John Mueller, Google Search Advocate, in a Reddit discussion reported by Search Engine Journal (verify quote at source)
I've quoted Mueller approvingly plenty of times, so reading this stung a little. He's pointing at the one piece of evidence I'd usually reach for to settle an argument: the server logs. Not a survey, not a vendor's dashboard, the raw record of what actually hit the server. So when we put our own WordPress plugin on a real site and switched on crawler logging, his line is exactly the thing I was bracing to confirm. I half-expected the logs to be empty. They weren't.
What we measured, and how
Just over a week before writing this, we installed the AI Discovery Files plugin on mcneece.com, a personal WordPress site of mine. The plugin publishes all ten files from the AI Discovery Files specification and, with logging enabled, records every request an AI crawler makes to one of them: which bot, which file, the HTTP status, and the timestamp.

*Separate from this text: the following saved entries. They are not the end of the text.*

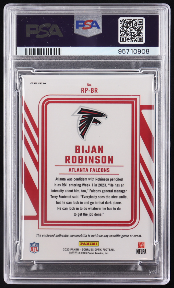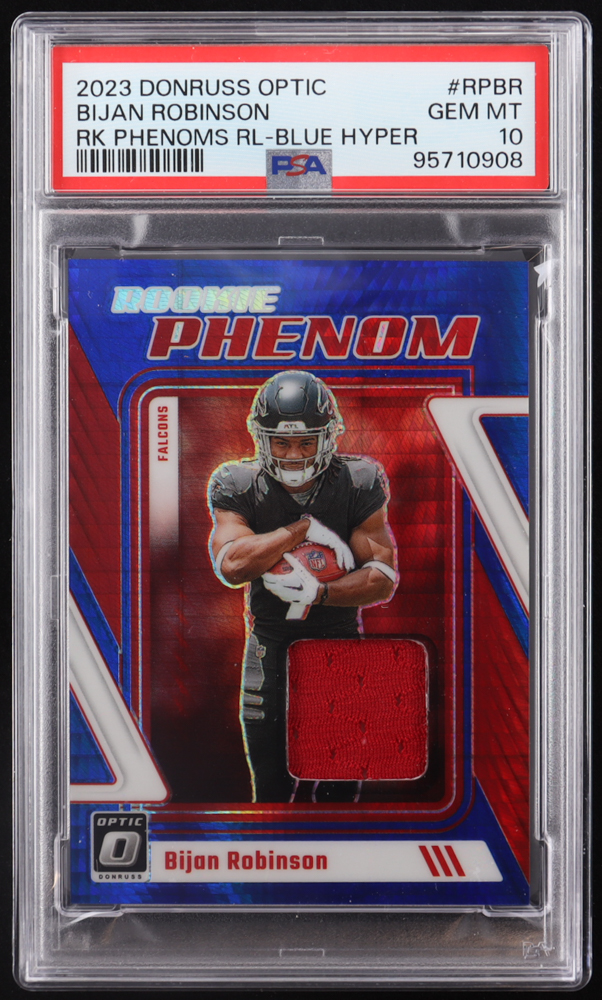 Bijan Robinson 2023 Donruss Optic Rookie Phenoms Jerseys Blue Hyper #3 RC (PSA 10)
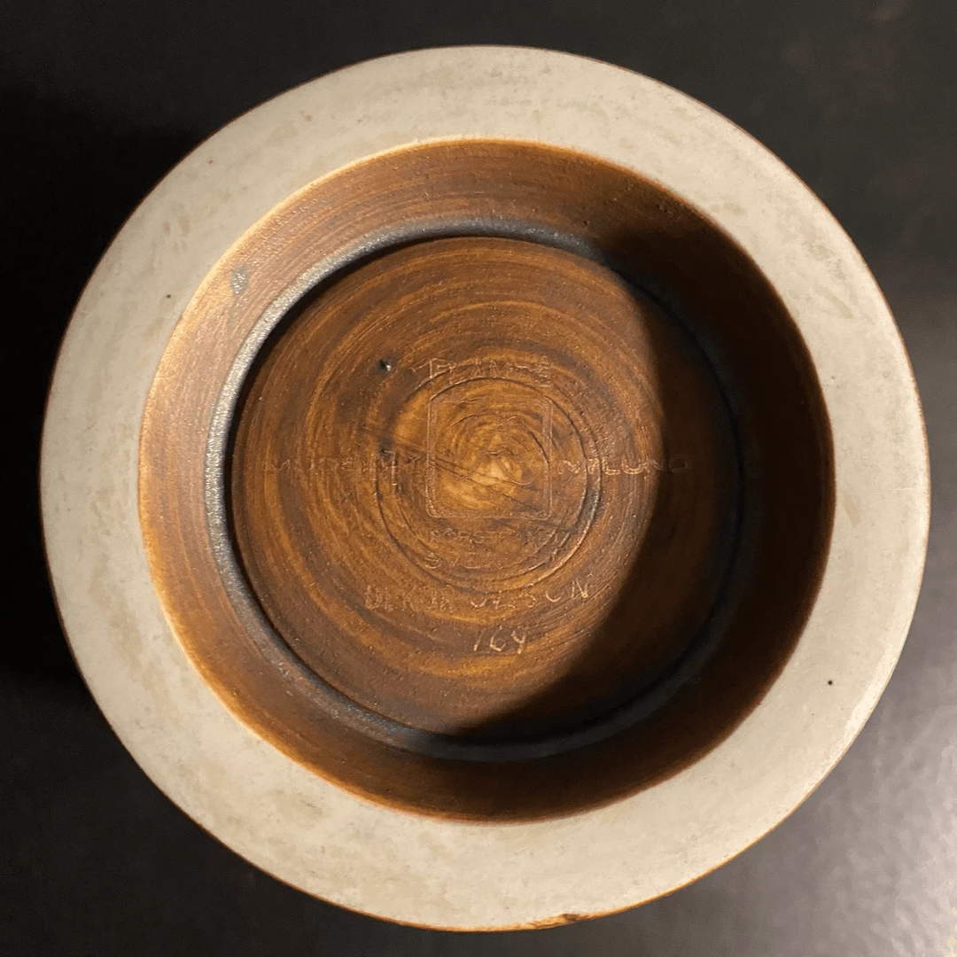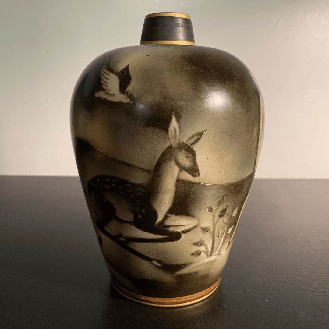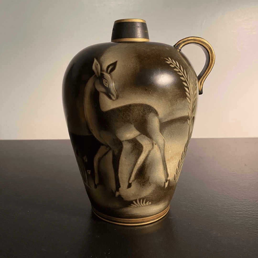 Gunnar Nylund created the flambé series for Rörstrand Sweden in 1932. The collection features urns, vessels, and bowls with mythological imagery, neoclassical, and art deco motifs This jug comes from the estate of a Massachusets Professor and is a wonderful example of the art deco-influenced work created by Nylund. The flambé jug is in excellent condition and measures 8″ in height and 5″ in diameter.
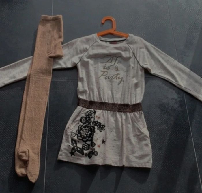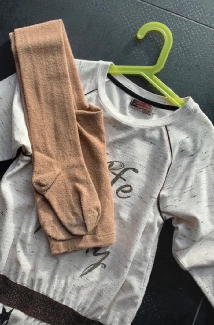 Robe CATIMINI Beige avec motifs fleurs velours noir Collants assortis Très bon état Propre Maison non fumeur
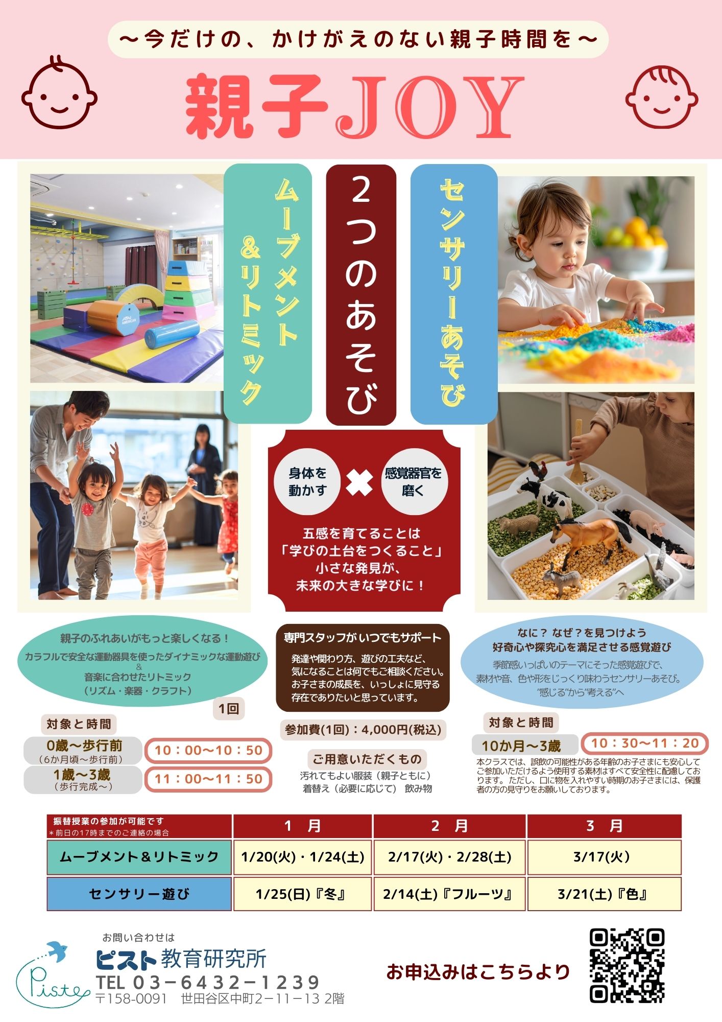 | 1/24(土) | 親子JOY~(ムーブメント&リトミック) | 0歳~歩行前・1歳~3歳 | 受付中 |
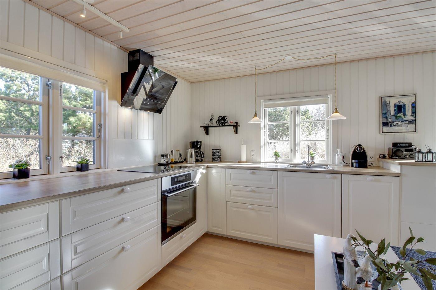 Køkkenet er udstyret med 1 køleskab. Der er 4 keramiske kogeplader, varmluftovn samt opvaskemaskine.
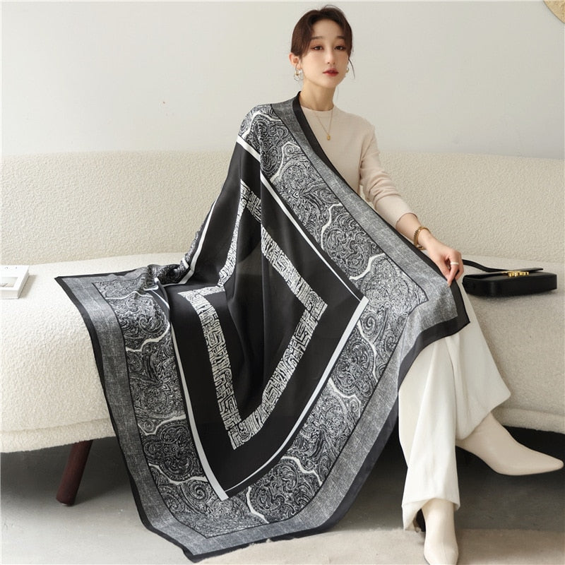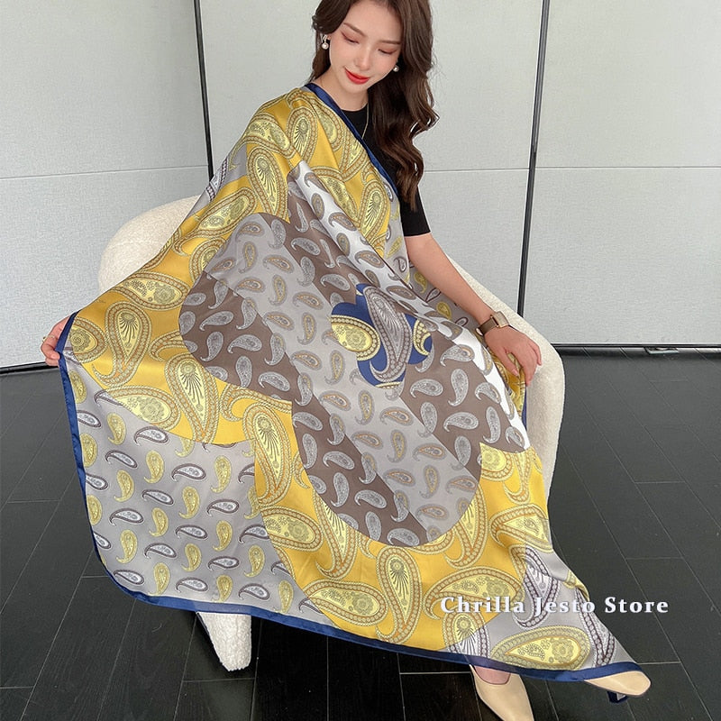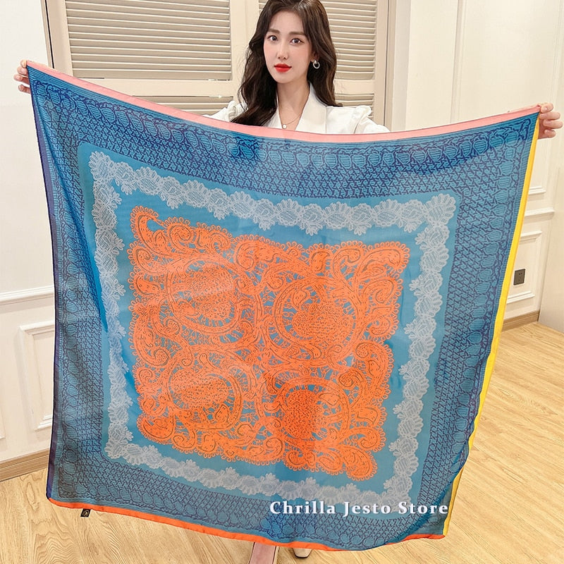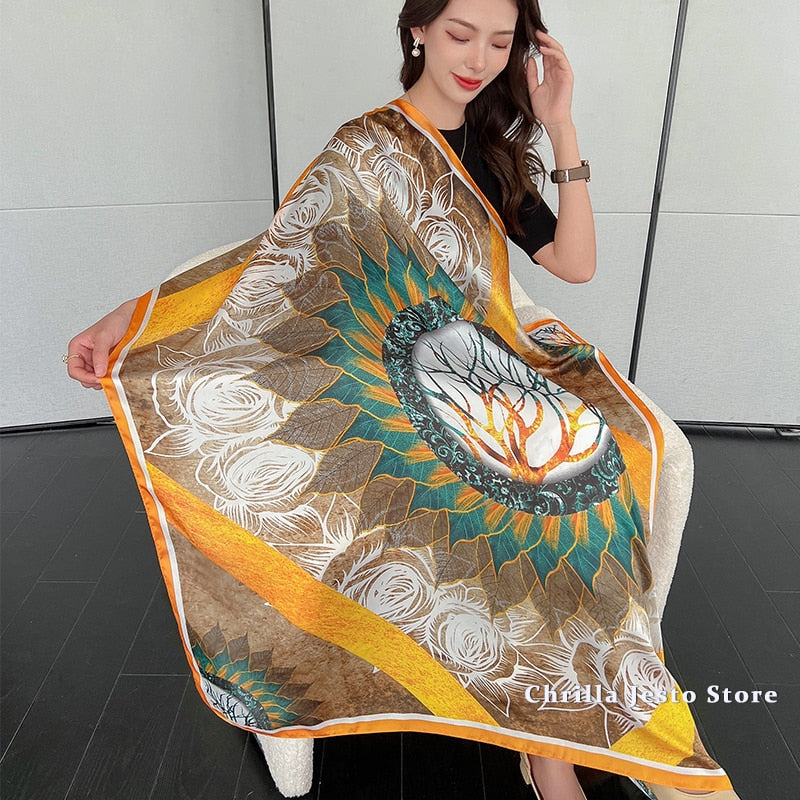 Product Description: 110*110cm Floral Printed Imitated Silk Scarf.

This is the cleanest kind of evidence there is. It isn't a third-party tool simulating requests, and it isn't analytics that filter bots out before you ever see them. It's the server writing down what reached it. The catch with server logs is that they only show what happened on that one site, so I'm not claiming these 11 days describe the whole web. I'm claiming they describe this site, exactly, with no interpretation in between.
A few things about the setup matter for reading the numbers. The site is small and new to these files. It had no inbound links pointing at the discovery files, no campaign driving traffic, and the plugin serves each file with a short cache life so requests reach PHP and get logged rather than being absorbed by a CDN edge. Logging only counts bots from a known registry of AI and search crawlers, matched on user-agent. Ordinary human visits and generic scrapers aren't in here. What follows is AI and search crawlers only.

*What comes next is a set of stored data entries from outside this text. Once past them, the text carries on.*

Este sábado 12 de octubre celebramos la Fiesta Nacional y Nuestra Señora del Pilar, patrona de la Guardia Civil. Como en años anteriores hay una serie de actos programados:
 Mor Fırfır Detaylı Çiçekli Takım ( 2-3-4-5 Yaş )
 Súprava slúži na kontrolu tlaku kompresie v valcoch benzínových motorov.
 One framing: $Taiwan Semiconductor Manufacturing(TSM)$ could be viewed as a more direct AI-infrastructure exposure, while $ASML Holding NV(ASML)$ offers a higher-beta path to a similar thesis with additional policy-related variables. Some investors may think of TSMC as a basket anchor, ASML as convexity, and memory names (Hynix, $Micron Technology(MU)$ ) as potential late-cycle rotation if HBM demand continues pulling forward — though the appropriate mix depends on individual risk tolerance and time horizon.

The log: 11 days, 15 crawler hits
Between 22 May and 1 June 2026, the files were crawled 15 times, by two named operators, on 10 of the 11 days. Every single request returned a 200. Here's the headline split.
| Crawler | Operator | Hits | Files touched |
|---|---|---|---|
meta-externalagent | Meta | 12 | 7 different files |
bingbot | Microsoft | 3 | 2 (both JSON) |
| Total | 2 operators | 15 | 8 of 10 files |
Eight of the ten files were fetched at least once. The two that weren't, in this window, were llm.txt (the singular alias of llms.txt) and developer-ai.txt. Here's the per-file breakdown.
| File | Hits | Crawled by |
|---|---|---|
/llms.txt | 3 | Meta |
/ai.json | 3 | Meta, Bing |
/brand.txt | 2 | Meta |
/faq-ai.txt | 2 | Meta |
/robots-ai.txt | 2 | Meta |
/llms.html | 1 | Meta |
/ai.txt | 1 | Meta |
/identity.json | 1 | Bing |
And the daily cadence, because "every day" is the part that surprised me most. One bot or two, almost without a gap.
| Date | Hits | Activity |
|---|---|---|
| 22 May | 2 | Bing |
| 23 May | 1 | Meta |
| 24 May | 1 | Meta |
| 25 May | 3 | Meta, Bing |
| 26 May | 0 | quiet |
| 27 May | 1 | Meta |
| 28 May | 1 | Meta |
| 29 May | 1 | Meta |
| 30 May | 1 | Meta |
| 31 May | 2 | Meta |
| 1 Jun | 2 | Meta |
One quiet day in eleven. For a site that nobody is linking to and nobody is searching for, that's a crawler showing up to read machine-readable files it has no traffic-based reason to want. If you'd told me beforehand the logs would be empty, I'd have believed you. They aren't empty. They're a steady drip.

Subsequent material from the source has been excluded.